Konkani is a southern Indo-Aryan language belonging to the Indo-European family of languages spoken in the Konkan coastal region of India. It has approximately 3.6 million speakers.

Konkani is the official language of the Indian state of Goa and a minority language in the Konkan Division of Maharashtra state, and the Malabar Coast of Karnataka and Kerala states, where Konkani speakers emigrated during the Bahmani, Maratha, and Portuguese conquests. It is also one of the official languages of India.
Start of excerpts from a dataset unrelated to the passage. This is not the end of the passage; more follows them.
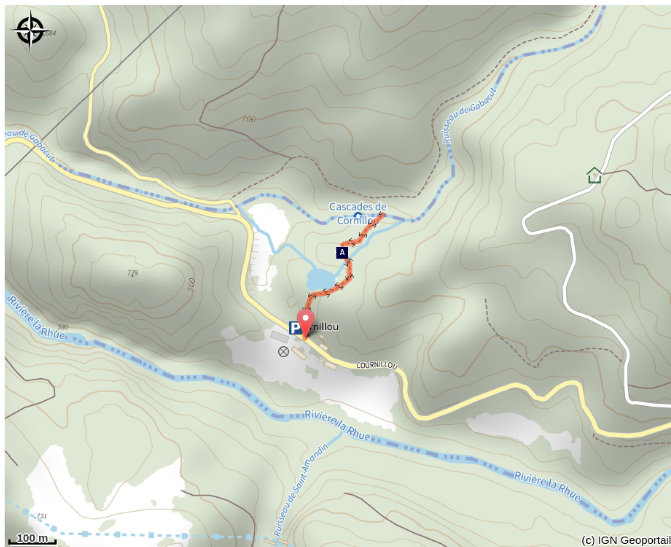
Le Pic noir (A)
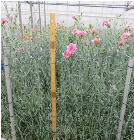
写真7 栽培区全景 撮影日: 2018年3月20日
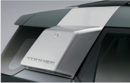
사이드 스토리지 박스(1tone/2tone) 300,000원
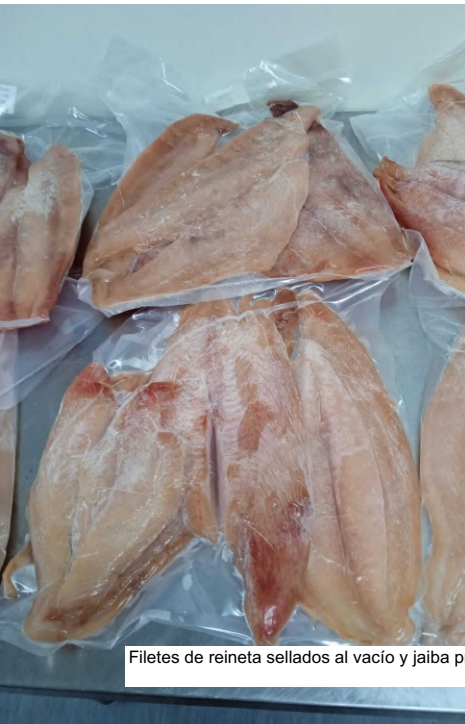
Filetes de reineta sellados al vacío y jaiba procesada en la planta de la ASJSA

Durante el mes de octubre acompañamos a los Jaiberos de San Antonio junto a nuestros colegas del Centro Pesca Sustentable, la Feria Food & Services, Santiago donde realizaron muestras de sus productos a potenciales clientes del sector HORECA.
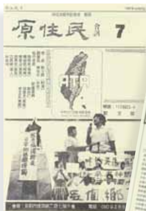
原權會的會訊《原住民》。
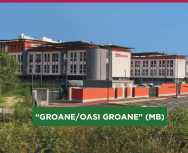
"GROANE/OASI GROANE" (MB)
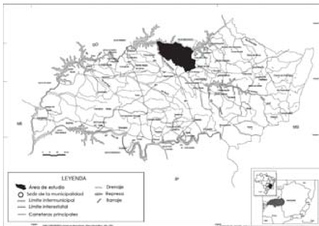
Figura N° 1 Ubicación de la cuenca en el mapa de Brasil

La cuenca del arroyo Piçarrão, que ocupa un área de 388 km 2 , se localiza en el municipio de Araguari, entre las coordenadas geográficas 18° 37' 53" y 18° 53' 04" de latitud Sur y 47° 44' 44" y 48° 07' 12" de longitud Oeste.
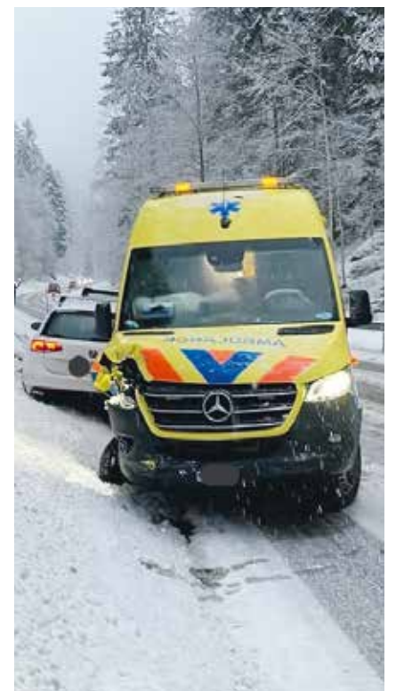
Deux blessés légers dans cet accident impliquant une ambulance.

lait en direction du Pâquier. Il aurait freiné en croisant l'ambulance peu avant l'accident. pif/comm
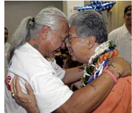
Hawaii Senatörü Daniel K. Akaka (D) (sağda), Honolulu'daki kampanya merkezinde bir taraftarını geleneksel şekilde selamlıyor.

Hem Cumhuriyetçi hem de Demokrat Partililer geniş tabanlı destek arar. Bu partiler tüm ekonomik ve demografik gruplardan destek görür. Genellikle Afrikalı Amerikan ve Yahudi seçmenlerin çoğu oylarını Demokrat başkan adayına vermesine rağmen, her iki parti de toplumdaki tüm sosyo-ekonomik gruptan önemli oranda
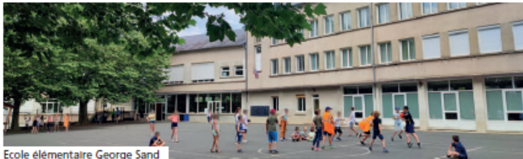
Ecole élémentaire George Sand
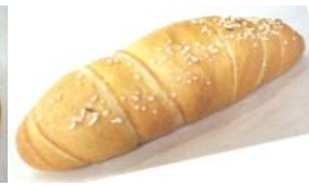
Salzstange Weizengebäck mit Salz
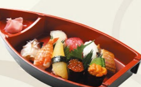
⑧にぎり(菊)きく 1,950円(税込)
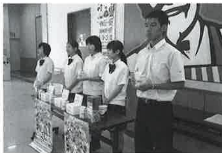
西日本短期大学附属高等学校の皆さま による街頭募金
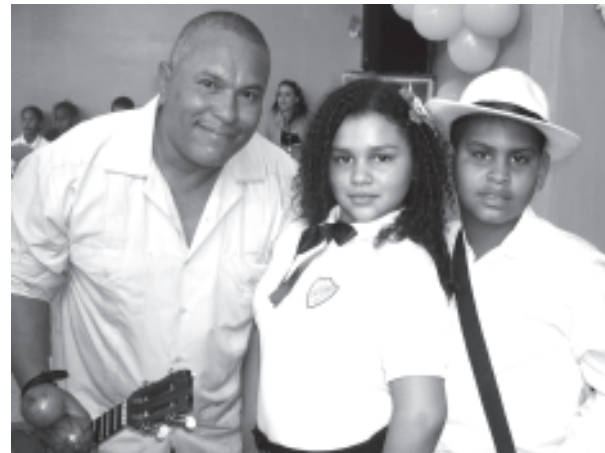
El profesor de música con dos alumno talento de las U.E.N. El Llanito
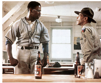
1984 SOLDIER'S STORY (A Soldier's Story) de Norman Jewison avec Sid Caesar
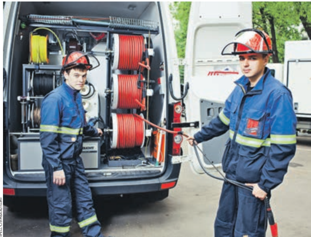
На стажировку в Объединенную энергетическую компанию хотят попасть студенты многих вузов

студентов, предпочитая кандидатов с опытом, и многие студенты, получив диплом, оказываются в подвешенном состоянии. Между тем в последнее время подобная ситуация начинает меняться, и работодатели все чаще обращают внимание на перспективных выпускников, давая им возможность не только получить представление о будущей специальности, но и получить первую запись в трудовой книжке. Одним из таких организаций является АО «Объединенная энергетическая компания». На сегодняшний день АО «ОЭК» входит в число крупнейших организаций на энергетическом рынке столицы. Стоит ли говорить, что студенты со всей страны стараются попасть сюда на стажировку? Это не только возможность применить теорию на практике, узнать что-
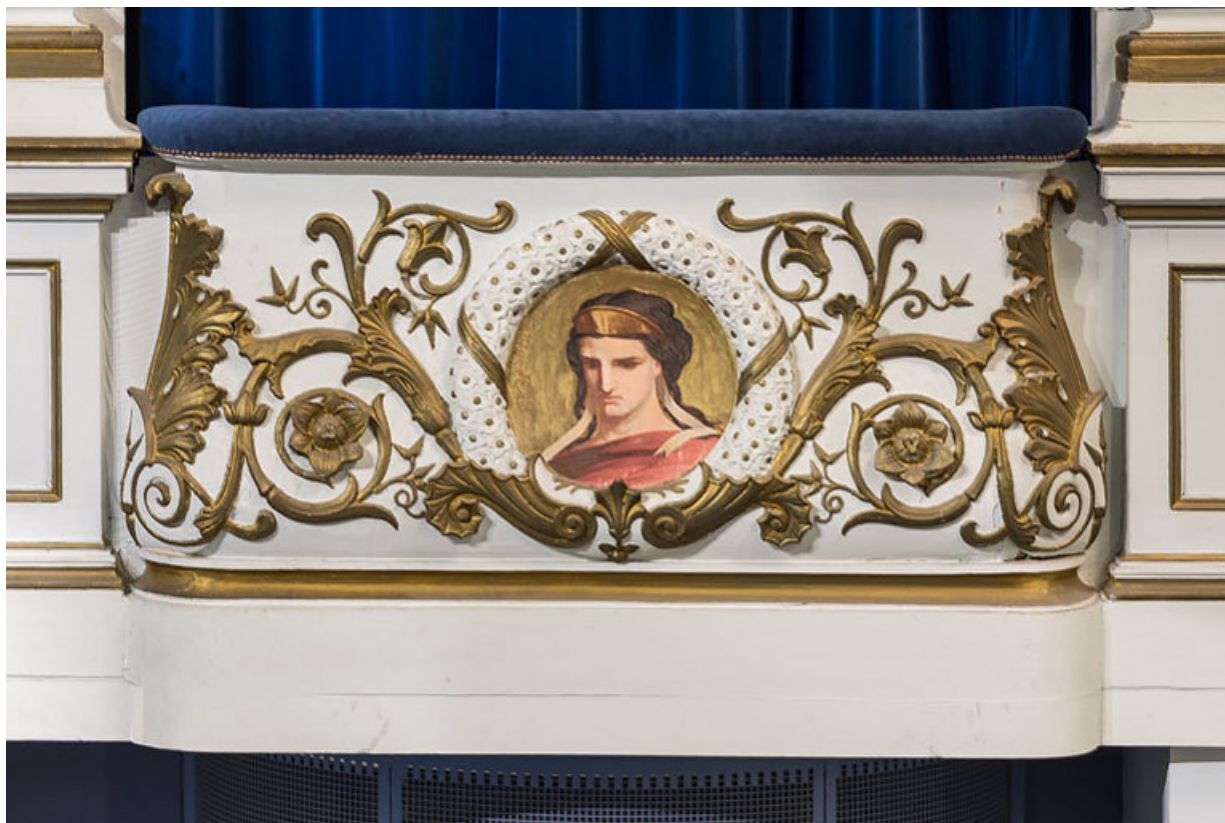
Loge d'avant-scène côté cour, 1er balcon : décor du garde-corps avec la représentation de la Tragédie. 21, Beaune, 64 rue de Lorraine
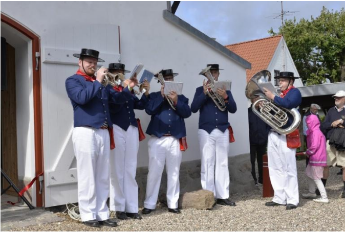
Peder Most Garden blæste fanfare
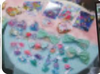
お客さんの目を引くようにディスプレイにもこだわり!
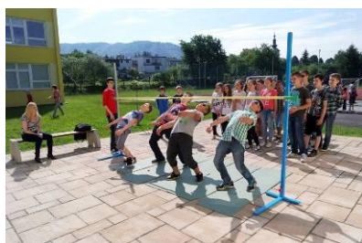
Podliezanie pod lano
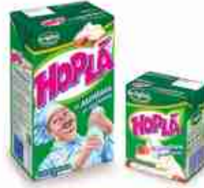
PANNA HOPLA Preparato per dolci A, conf. 500 g / 1 Kg
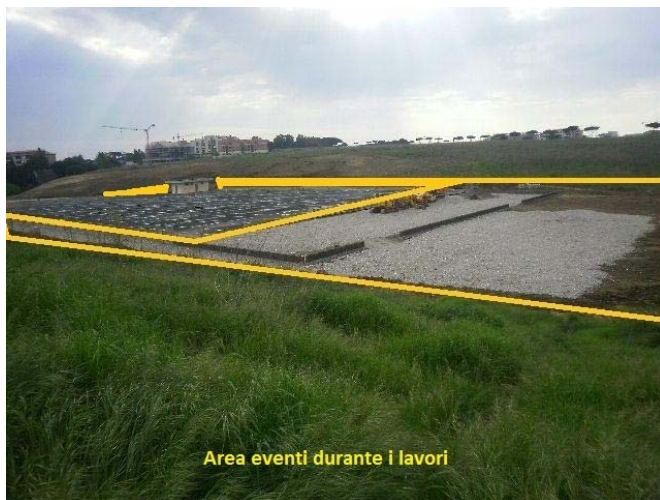
Area eventi durante i lavori
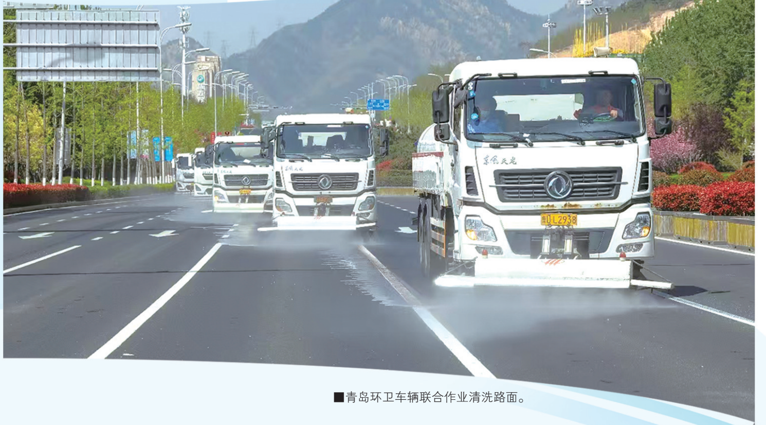
■青岛环卫车辆联合作业清洗路面。

今年以来,青岛市城市管理局立足城市高质量发展全局,以“精治善管”为抓手,统筹推进重点区域洁净提升、日常保洁严格管理、生活垃圾分类、城乡垃圾规范收运、建筑垃圾整治、末端处置保稳提标及数智赋能诉求处置,从城区街巷的精细化保洁到乡村院落的环境焕新,从垃圾全链条管理到民生诉求高效响应,全市环卫系统以绣花针功夫深耕环境治理,既擦亮了城市宜居底色,又夯实了民生幸福根基,推动城市环境品质与群众获得感实现同步提升,为建设高品质现代化城市注入坚实动能。

This article is restricted to Konkani dialects spoken in the states of Goa, Karnataka, and Kerala, where the largest number of Konkani speakers are found.

Structure

Introduction

Dialects

The Goan standard dialect of Konkani, the Antruz dialect, is based on Goan Hindu Konkani which was originally the speech of the Hindus from the Novas Conquistas, but it is now spoken by Hindus all over Goa with minor variations. It is also spoken by the Christians of the New Conquests who form a small percentage of the Goan Christians. The vast majority of Goan Christians live in areas called the  Velhas Conquistas. Their speech varies considerably from the speech of the Goan Hindus. They also speak two considerably different dialects: Bardes Christian dialect, spoken in Bardes and Tiswadi which form the northern part of the Old Conquests and Saxtti Christian dialect, spoken in Sashti and Mormugao which form the southern part of the Old Conquests. However, these two dialects have certain common features which can be referred to as Goan Christian Konkani features. The major Konkani dialects of Karnataka are the Karnataka Saraswat dialect, spoken by the Saraswat Brahmins of the coastal districts of Karnataka, and Karnataka Christian dialect, spoken by Christians in the coastal districts of Karnataka. The Saraswats and Christians of Karnataka also speak considerably different dialects since they came to Karnataka from different parts of Goa and at different times. The Saraswats came from southern Old Conquests (Sashti and Mormugao) in the sixteenth century because of Portuguese religious persecution. The Christians came in the seventeenth and eighteenth centuries mainly from Bardes and Tiswadi.

Writings and Scripts

A good number of writings are available in four of the dialects mentioned above: Goa Hindu, Bardes Christian, Canara Christian and Canara Saraswat. The Canara Saraswat dialect includes the speech of the Gaud Saraswats as well as that of the Chitrapur Saraswats as the differences between these two varieties of speech are minor. Sashti Christians generally use the Bardes dialect for writing. The Goan Hindus use the Devanagari script in their writings but the Goan Christians use the Roman script. The Saraswats of Karnataka use the Devanagari script in the North Canara district but the Kannada script in Udupi and South Canara . The Canara Christians use the Kannada script. The Devanagari script has been promulgated as the official script for Konkani in Goa.

The Standard Dialect

Among the various Konkani dialects, the Konkani standard dialect, which is based on the Antruz Hindu dialect, has clearly emerged as the dominant dialect. It has several points in its favour. It is spoken by the majority of the Konkani speakers in Goa with minor variations. It has the best literature if not the most abundant. It has already established itself as the school dialect in Goa. The textbooks all the way up to the university level are in this dialect. It is used in the government offices of Goa where Konkani has been adopted as the official language of the state. It does not show as much regional diversity as the Goan Christian speech. It also occupies a middle position among the Konkani dialects of Goa and Karnataka without too many archaisms, innovations, or non-Sanskrit loans that might hamper cross-dialectal communication. The information in this article is based on the Goan standard dialect unless specified otherwise. The standard dialect will hereafter be referred to as Standard Konkani in this article.

Phoneme Inventory

Konkani Phonemes (Standard Konkani)

The phonemes of Konkani are given below:

Vowels

The vowels are called svara (svara-sound).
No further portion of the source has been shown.